(Exercise data Opens)
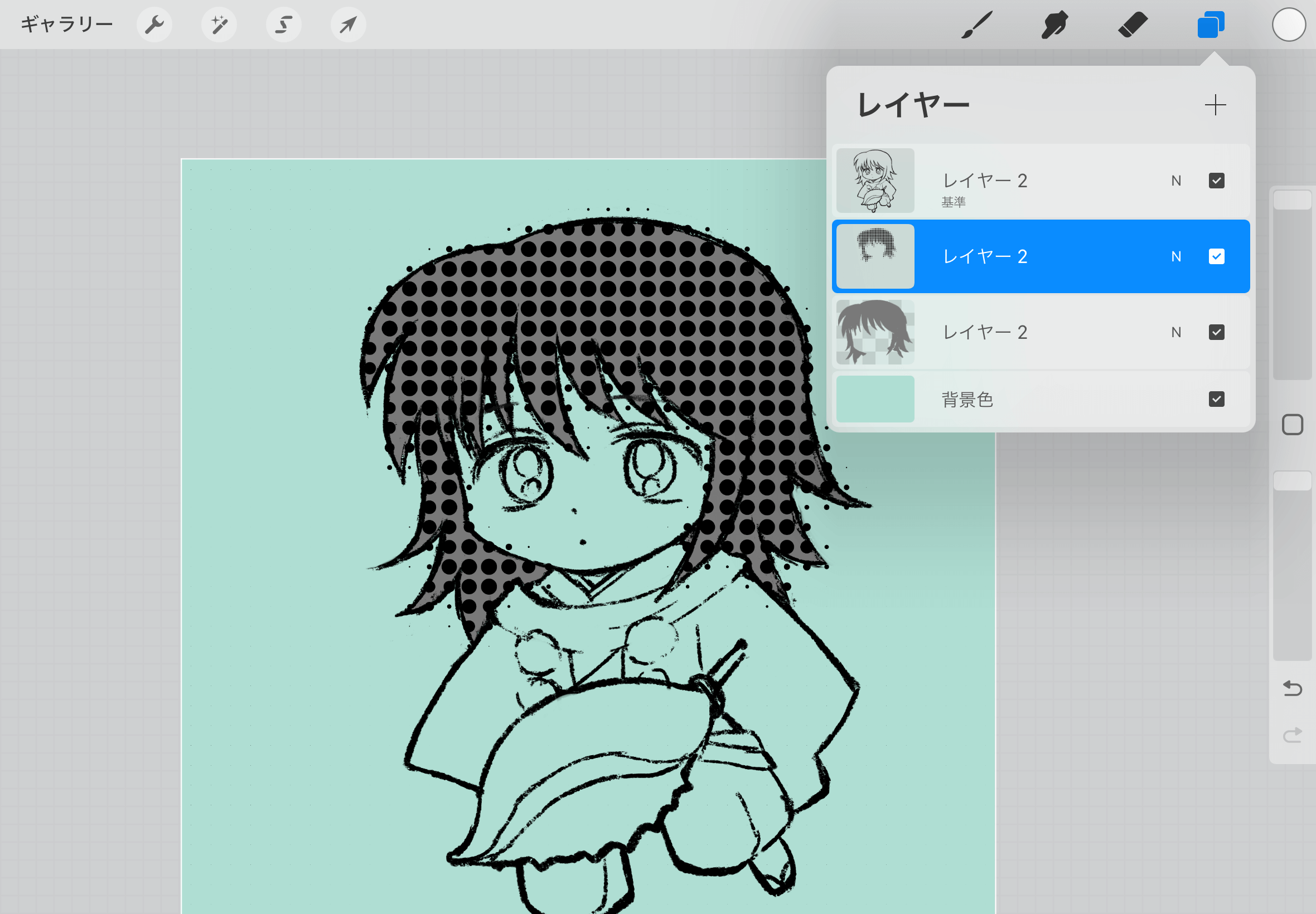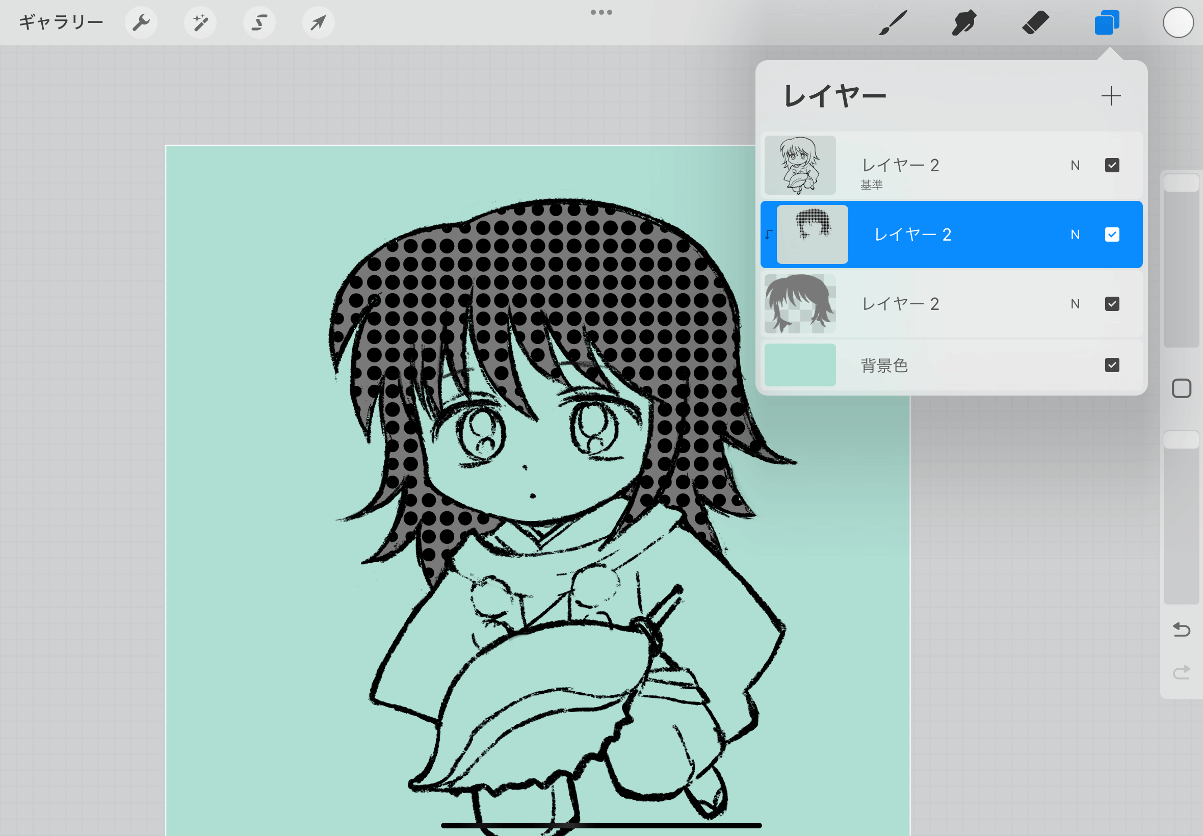▲ハーフトーンレイヤーの「アルファロック」を解除し、グレーの髪の毛のレイヤーを削除します。
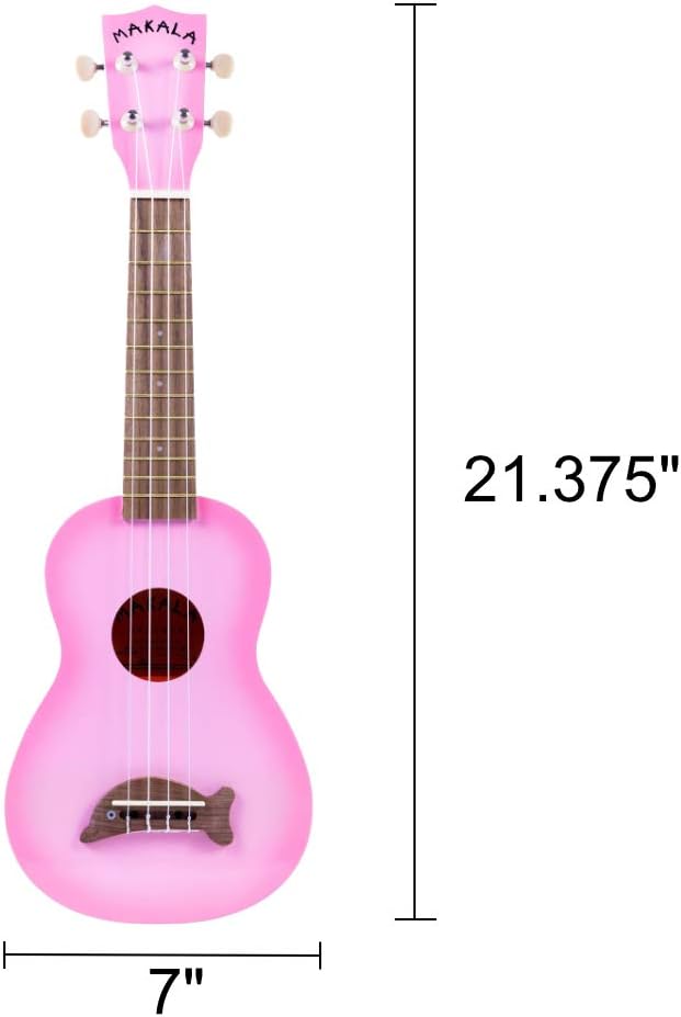 Kala Makala Pink Burst Dolphin Soprano Ukulele - MK-SD/PKBURST Bundle with a Kala Tuner and Polishing Cloth
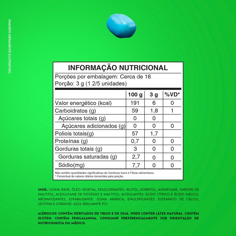 Chiclete sem açúcar, sabor refrescante, embalagem em pote para maior praticidade e conservação
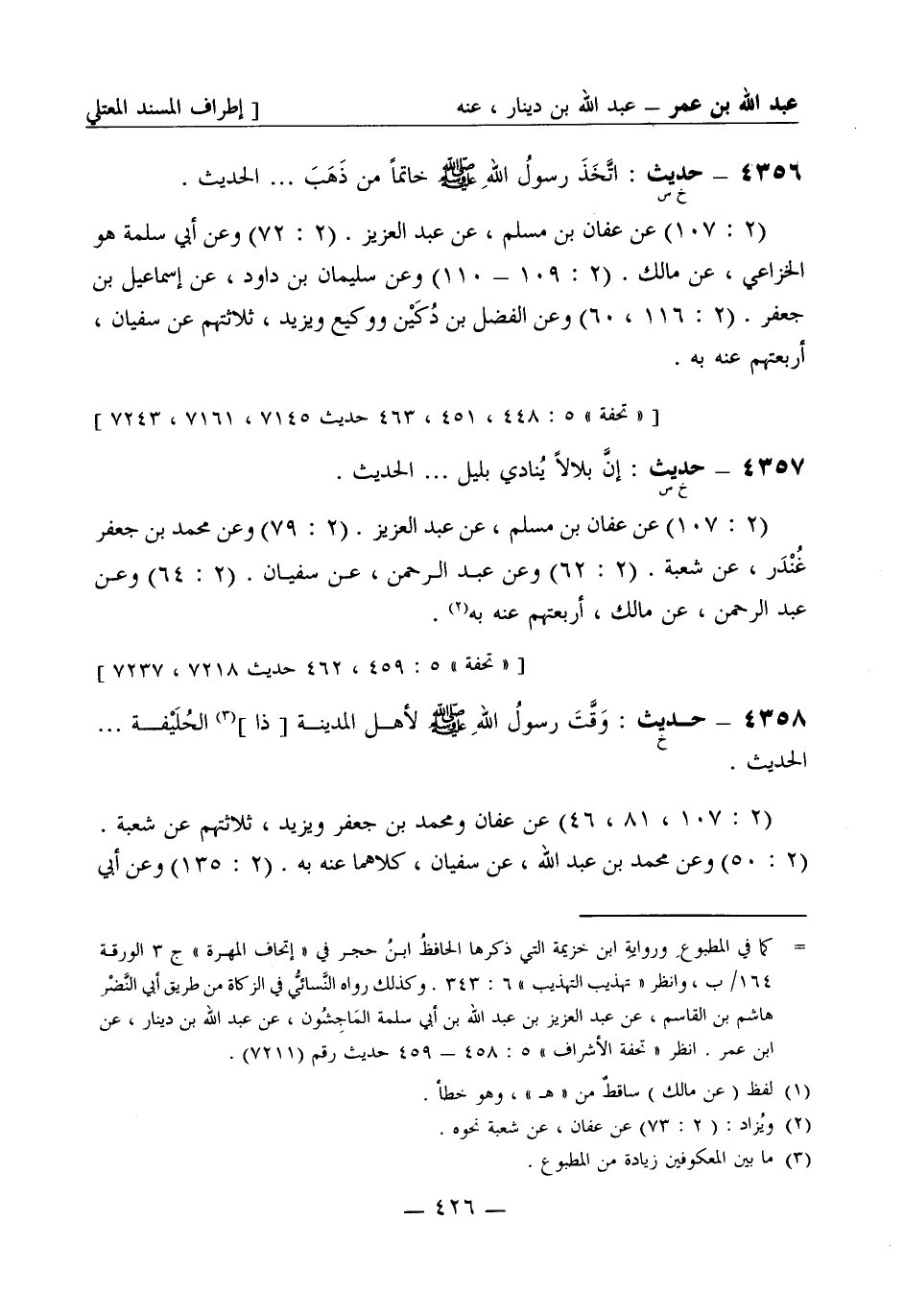 4358 -[خ] حديث: وَقَّتَ رسولُ الله صَلَّى اللَّهُ عَلَيْهِ وَسَلَّمَ لأهل المدينة ذا الحُلَيْفة ... الحديث. (2: 107، 81، 46) عن عفان ومحمد بن جعفر ويزيد، ثلاثتهم عن شُعبة. (2: 50) وعن محمد بن عبد الله، عن سفيان، كلاهما عنه به. (2: 135) وعن أبي -[427]- نعيم، عن سفيان بقصة يَلَمْلَم مختصر.
(Exercise data Closes)
Task to carry out »
Would you write out all of the data exactly as it stands, without the pictures?

Reply to the exercise »
▲ハーフトーンレイヤーの「アルファロック」を解除し、グレーの髪の毛のレイヤーを削除します。
 Kala Makala Pink Burst Dolphin Soprano Ukulele - MK-SD/PKBURST Bundle with a Kala Tuner and Polishing Cloth
 Chiclete sem açúcar, sabor refrescante, embalagem em pote para maior praticidade e conservação
 4358 -[خ] حديث: وَقَّتَ رسولُ الله صَلَّى اللَّهُ عَلَيْهِ وَسَلَّمَ لأهل المدينة ذا الحُلَيْفة ... الحديث. (2: 107، 81، 46) عن عفان ومحمد بن جعفر ويزيد، ثلاثتهم عن شُعبة. (2: 50) وعن محمد بن عبد الله، عن سفيان، كلاهما عنه به. (2: 135) وعن أبي -[427]- نعيم، عن سفيان بقصة يَلَمْلَم مختصر.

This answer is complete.